The records:
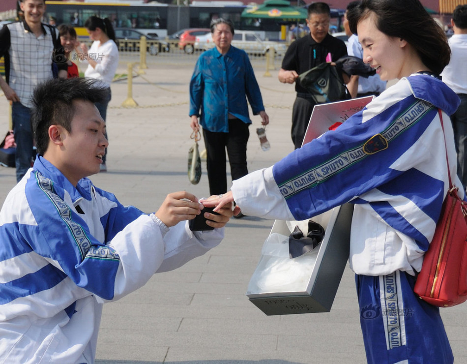 2015年05月16日,北京,一对情侣身穿酷似“校服”的服饰在天安门广场游览,男青年突然跪地向女友求婚,并为其佩戴准备好的戒指,引得过往游客纷纷驻足观看拍照,同时为他们祝福。
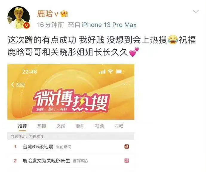 鹿哈时期,凌达乐就已经开始官宣女友 " 关晓桶 "。9 月 17 日,在鹿晗发微博庆祝关晓彤生日后,鹿哈也发布相同内容,并 @关晓彤,瞬间热搜第一。玩大了之后,鹿哈的回应是," 这次蹭的有点成功,我好贱。"
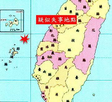 圖:臺灣墜?蜋C墜海地點示意圖 2002年05月25日 19:06 ![]() (中時電子報圖) 鄭重聲明:關于臺灣華航飛機失事的新聞信息,系中新網特稿,未經書面授權,不得采用。
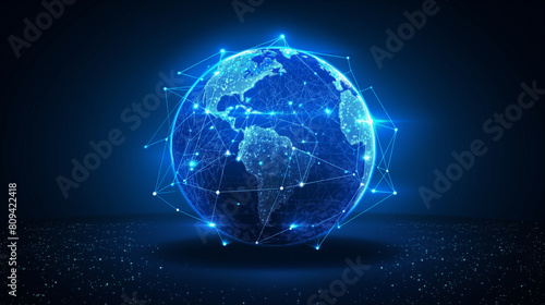 © Wasin Arsasoi, Obraz premium Global network connection social concept. Big data visualization. Internet network communication. Internet and Technology background.
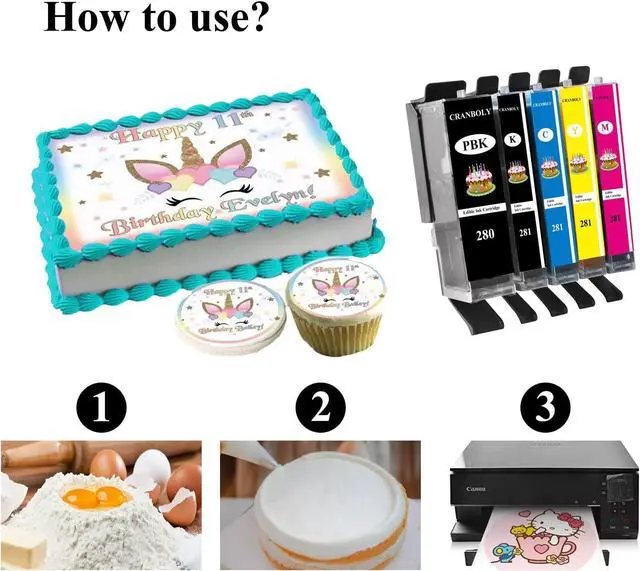 Wide ApplicationCRANBOLY 280XL 281XL Ink Cartridges use with Icing Sheets, Wafer Paper, Fondant Paper, Chocolate Transfer Sheet. Perfect for birthday decorations and Christmas, weddings, annual parties.
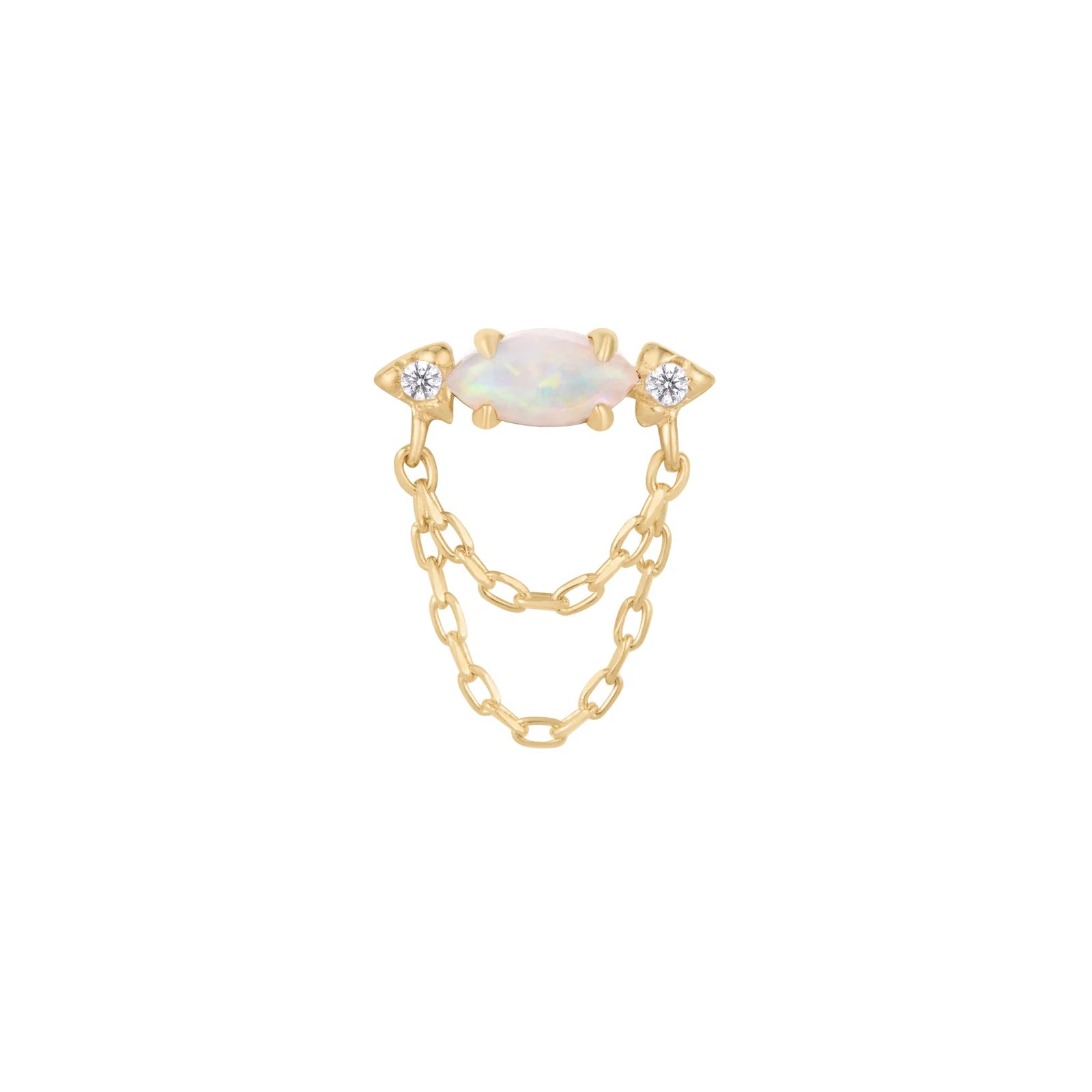 Discover the ultimate in elegance with the Limitless Opal and CZ Threadless End. This extraordinary piece features a stunning Australian opal at its center, framed by sparkling CZ, and is adorned with two delicate chains that drape gracefully beneath, creating a truly unique and eye-catching accessory.

Task brief:
Reproduce the data above exactly, leaving each picture out.

Task result:
 2015年05月16日,北京,一对情侣身穿酷似“校服”的服饰在天安门广场游览,男青年突然跪地向女友求婚,并为其佩戴准备好的戒指,引得过往游客纷纷驻足观看拍照,同时为他们祝福。
 鹿哈时期,凌达乐就已经开始官宣女友 " 关晓桶 "。9 月 17 日,在鹿晗发微博庆祝关晓彤生日后,鹿哈也发布相同内容,并 @关晓彤,瞬间热搜第一。玩大了之后,鹿哈的回应是," 这次蹭的有点成功,我好贱。"
 圖:臺灣墜?蜋C墜海地點示意圖 2002年05月25日 19:06 ![]() (中時電子報圖) 鄭重聲明:關于臺灣華航飛機失事的新聞信息,系中新網特稿,未經書面授權,不得采用。
 © Wasin Arsasoi, Obraz premium Global network connection social concept. Big data visualization. Internet network communication. Internet and Technology background.
 Wide ApplicationCRANBOLY 280XL 281XL Ink Cartridges use with Icing Sheets, Wafer Paper, Fondant Paper, Chocolate Transfer Sheet. Perfect for birthday decorations and Christmas, weddings, annual parties.
 Discover the ultimate in elegance with the Limitless Opal and CZ Threadless End. This extraordinary piece features a stunning Australian opal at its center, framed by sparkling CZ, and is adorned with two delicate chains that drape gracefully beneath, creating a truly unique and eye-catching accessory.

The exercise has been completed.